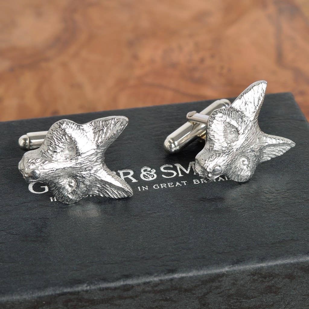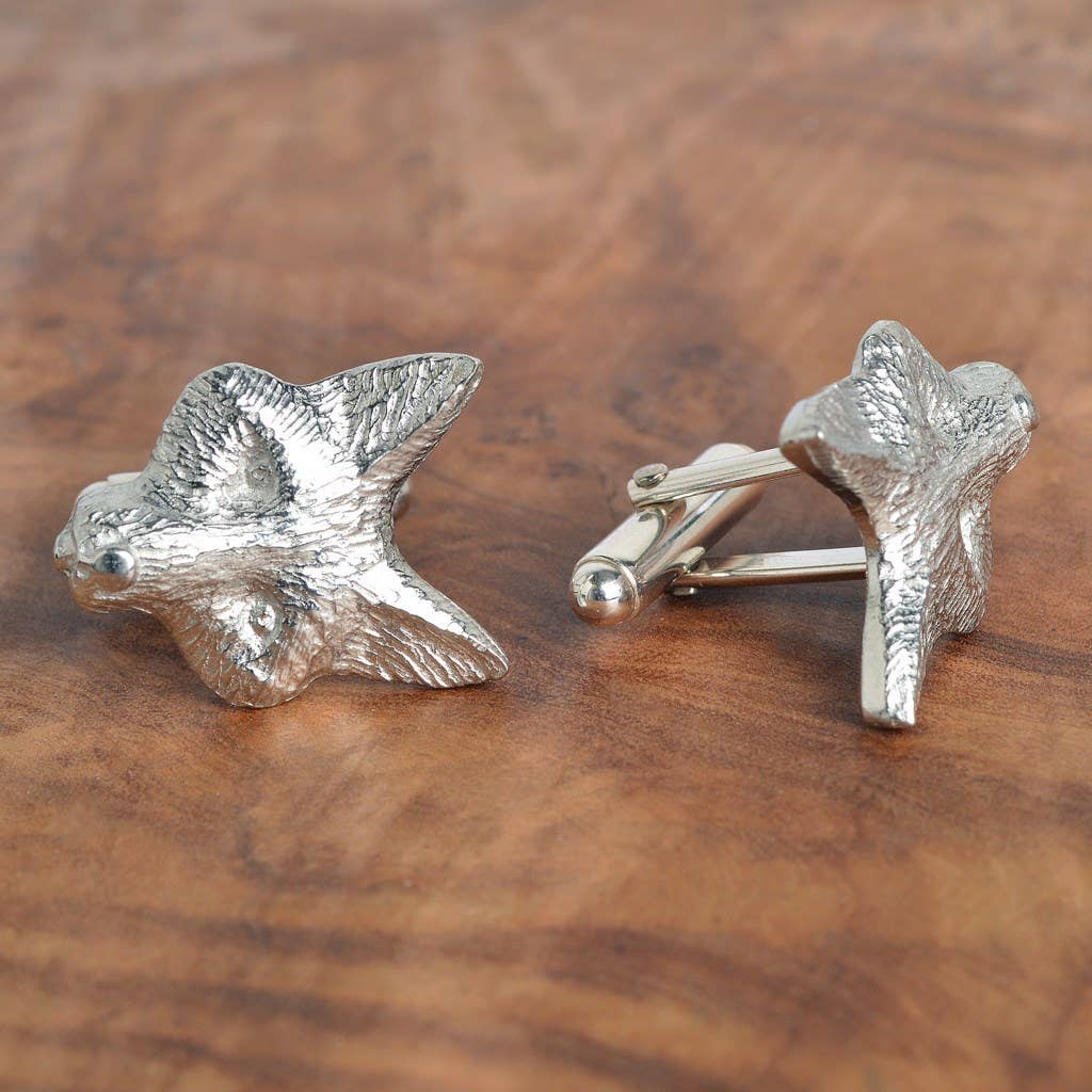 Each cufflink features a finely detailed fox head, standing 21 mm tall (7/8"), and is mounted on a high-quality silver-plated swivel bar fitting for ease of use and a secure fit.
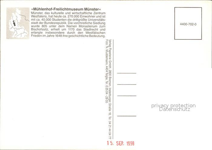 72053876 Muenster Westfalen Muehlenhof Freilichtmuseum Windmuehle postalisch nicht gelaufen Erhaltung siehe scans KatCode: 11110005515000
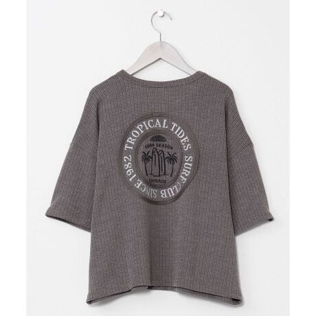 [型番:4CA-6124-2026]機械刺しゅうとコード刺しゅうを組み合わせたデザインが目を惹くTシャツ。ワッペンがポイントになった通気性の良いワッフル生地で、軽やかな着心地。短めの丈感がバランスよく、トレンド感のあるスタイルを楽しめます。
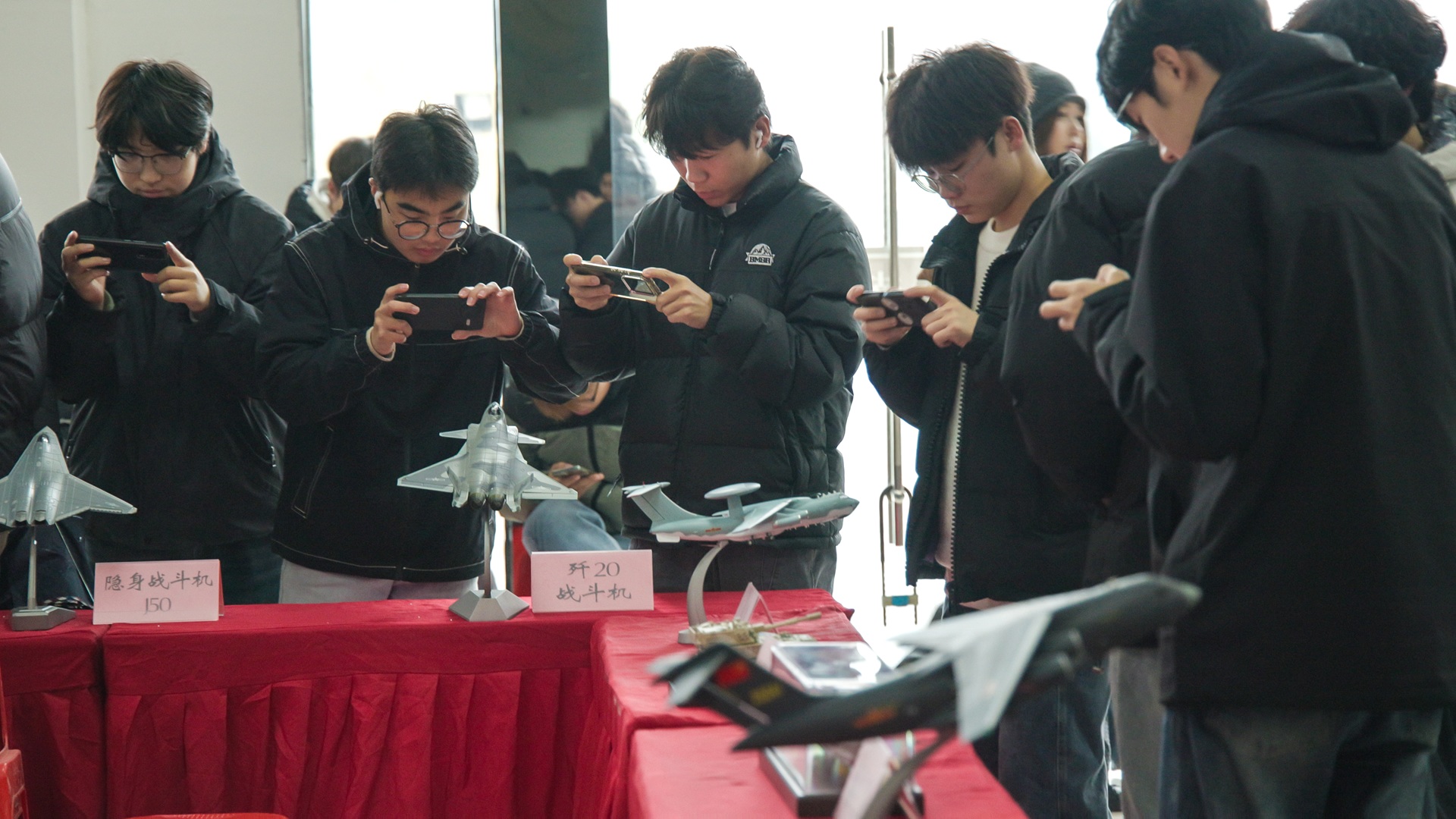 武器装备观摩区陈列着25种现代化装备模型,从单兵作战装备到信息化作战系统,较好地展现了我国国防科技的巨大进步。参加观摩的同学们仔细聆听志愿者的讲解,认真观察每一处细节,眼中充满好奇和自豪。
...
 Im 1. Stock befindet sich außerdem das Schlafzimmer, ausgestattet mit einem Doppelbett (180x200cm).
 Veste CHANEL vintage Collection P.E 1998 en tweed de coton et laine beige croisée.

**INSTRUCTIONS TO FOLLOW:** Within the listing above, the stretch from the line with "[型番:4CA-6124-2" down to the line with "武器装备观摩区陈列着25种现" is to be given again exactly, end lines included and pictures excluded.

**ANSWER BOX:**
 [型番:4CA-6124-2026]機械刺しゅうとコード刺しゅうを組み合わせたデザインが目を惹くTシャツ。ワッペンがポイントになった通気性の良いワッフル生地で、軽やかな着心地。短めの丈感がバランスよく、トレンド感のあるスタイルを楽しめます。
 武器装备观摩区陈列着25种现代化装备模型,从单兵作战装备到信息化作战系统,较好地展现了我国国防科技的巨大进步。参加观摩的同学们仔细聆听志愿者的讲解,认真观察每一处细节,眼中充满好奇和自豪。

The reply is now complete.